Now run the below command to delete the default user 'guest' from your RabbitMQ installation.

sudo rabbitmqctl delete_user guest

Verify the list of users that are available on RabbitMQ. You'll then see the new user 'alice' are created and can be used as an administrator for the RabbitMQ server.

sudo rabbitmqctl list_users

setup admin user

At this point, you have finished the installation and configuration of the RabbitMQ cluster and configured the administrator for RabbitMQ. Next, you will set up classic queue mirroring via RabbitMQ policies.

Setting up Classic Queue Mirroring

RabbitMQ provides two ways to set up mirroring queues, you can use the classic queues mirroring via the RabbitMQ policy or set up using the quorum queues.

For this example, you will learn how to set up queues mirroring via the RabbitMQ policies.

Run the following command to create a new policy 'ha-all'. This policy allows all queues to be mirrored across nodes on the RabbitMQ cluster.

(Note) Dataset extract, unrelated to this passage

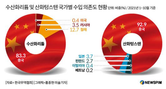 대부분 중국의존도가 80~90% 수준으로 높은 편이어서 대책을 강구해야 하는 상황이다. 다만 텅스텐과 몰리브덴을 제외한 나머지 3개 품목은 국내 생산이 가능해 문제가 없는 것으로 파악됐다.

sudo rabbitmqctl set_policy ha-all ".*" '{"ha-mode":"all"}'

Now if you want to specify the queues to be mirrored across the cluster. This example will create a new policy 'ha-two-' that will mirror any queues with the name 'two.'

sudo rabbitmqctl set_policy ha-two "^two\." '{"ha-mode":"exactly","ha-params":2,"ha-sync-mode":"automatic"}'

Lastly, you can also create a new policy that allows you to set up queues to be mirrored to specific nodes on the RabbitMQ cluster. In this example you will create a new policy 'ha-nodes' that will mirror any queues with the name 'nodes.' to specific nodes 'rabbitmq2' and 'rabbitmq3'.

sudo rabbitmqctl set_policy ha-nodes "^nodes\." '{"ha-mode":"nodes","ha-params":["[email protected]", "[email protected]"]}'

create policies

Verify the list of policies on your RabbitMQ cluster via the following command. You'll then see policies 'ha-all', 'ha-two', and 'ha-nodes' are available on the RabbitMQ cluster.

sudo rabbitmqctl list_policies

rabbitmq policies

Accessing RabbitMQ Cluster via Management Plugin

Open your web browser and visit the server IP address followed by the default RabbitMQ port 15672 (i.e: http://192.168.5.21). You will then get the RabbitMQ login page.

Log in with the new user and password you have created and click 'Login'.

rabbitmq login

You should now see the RabbitMQ administration dashboard provided by the 'rabbitmq_management' plugin.

rabbitmq dashboard

Next, click on the 'Admin' tab and click 'Policies' to verify that the RabbitMQ policies that you have created are available.

In the below screenshot, you can see three different policies, the 'ha-all', 'ha-two', and 'ha-nodes'.

list policies

Conclusion

Congratulations! You have now installed the RabbitMQ server and configured the RabbitMQ cluster with three Ubuntu 22.04 servers. Also, you have configured the UFW firewall for securing the RabbitMQ deployment, and also configured the administrator user for RabbitMQ, and created a classic queue mirroring on the RabbitMQ cluster via RabbitMQ policies.

With this in place, you can now use RabbitMQ as a message broker for your application and infrastructure. However, you can also bring the RabbitMQ deployment to the next level by setting up such as quorum queues, securing RabbitMQ via TLS, and many more.